10.1128/ec.00188-06 ◽

2006 ◽

Vol 6 (2) ◽

pp. 262-270 ◽

Cited By ~ 30

Author(s):

Mark S. Stewart ◽

Sue Ann Krause ◽

Josephine McGhie ◽

Joseph V. Gray

Keyword(s):

Saccharomyces Cerevisiae ◽

Cell Wall ◽

Life Span ◽

Stress Tolerance ◽

Synthetic Medium ◽

Cell Wall Integrity ◽

Puf Proteins ◽

Downstream Target ◽

Cell Wall Integrity Pathway ◽

Puf Protein

ABSTRACT Pumilio family (PUF) proteins affect specific genes by binding to, and inhibiting the translation or stability of, their transcripts. The PUF domain is required and sufficient for this function. One Saccharomyces cerevisiae PUF protein, Mpt5p (also called Puf5p or Uth4p), promotes stress tolerance and replicative life span (the maximum number of doublings a mother cell can undergo before entering into senescence) by an unknown mechanism thought to partly overlap with, but to be independent of, the cell wall integrity (CWI) pathway. Here, we found that mpt5Δ mutants also display a short chronological life span (the time cells stay alive in saturated cultures in synthetic medium), a defect that is suppressed by activation of CWI signaling. We found that Mpt5p is an upstream activator of the CWI pathway: mpt5Δ mutants display the appropriate phenotypes and genetic interactions, display low basal activity of the pathway, and are defective in activation of the pathway upon thermal stress.

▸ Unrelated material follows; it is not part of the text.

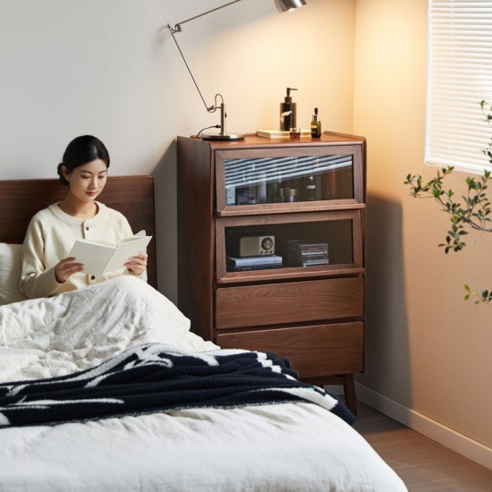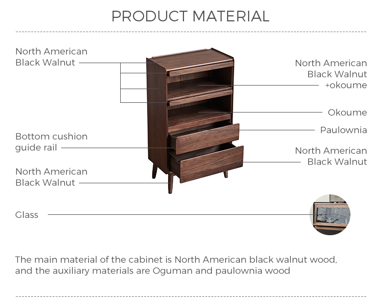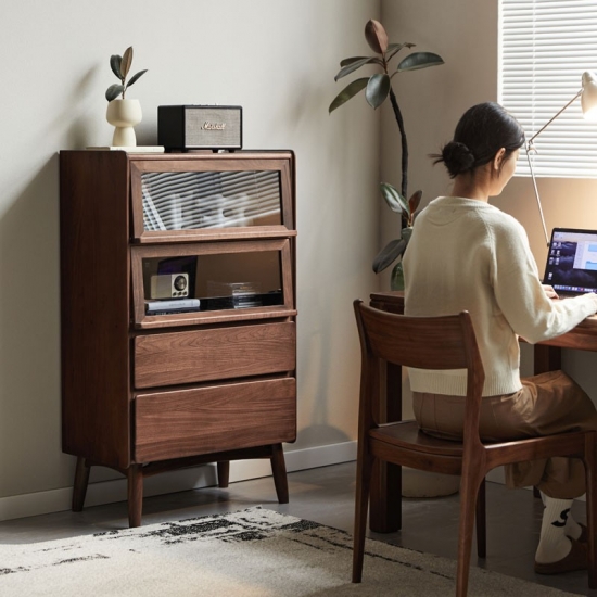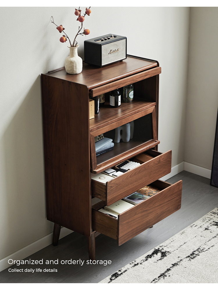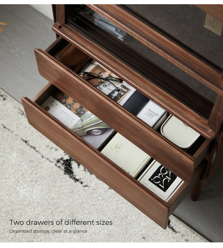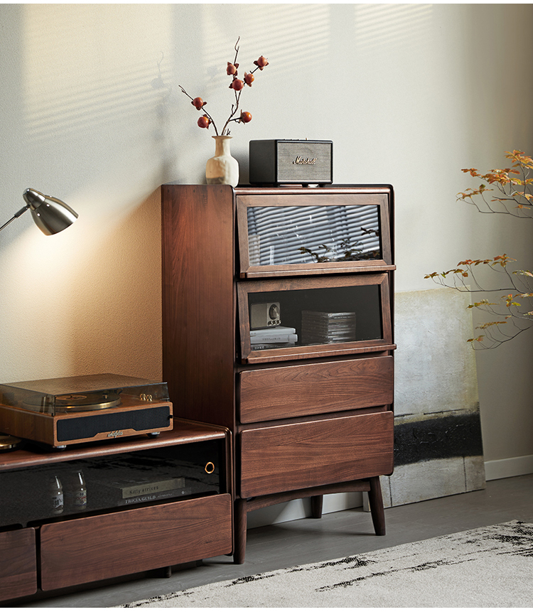 Neo China Walnut Color Cabinet Ruang Tamu Dada dengan Laci LS187E2-B

A set of mRNAs that specifically bind to Mpt5p was recently reported. One such putative target, LRG1, encodes a GTPase-activating protein for Rho1p that directly links Mpt5p to CWI signaling: Lrg1p inhibits CWI signaling, LRG1 mRNA contains a consensus Mpt5p-binding site in its putative 3′ untranslated region, loss of Lrg1p suppresses the temperature sensitivity and CWI signaling defects of mpt5Δ mutants, and LRG1 mRNA abundance is inhibited by Mpt5p. We conclude that Mpt5p is required for normal replicative and chronological life spans and that the CWI pathway is a key and direct downstream target of this PUF protein.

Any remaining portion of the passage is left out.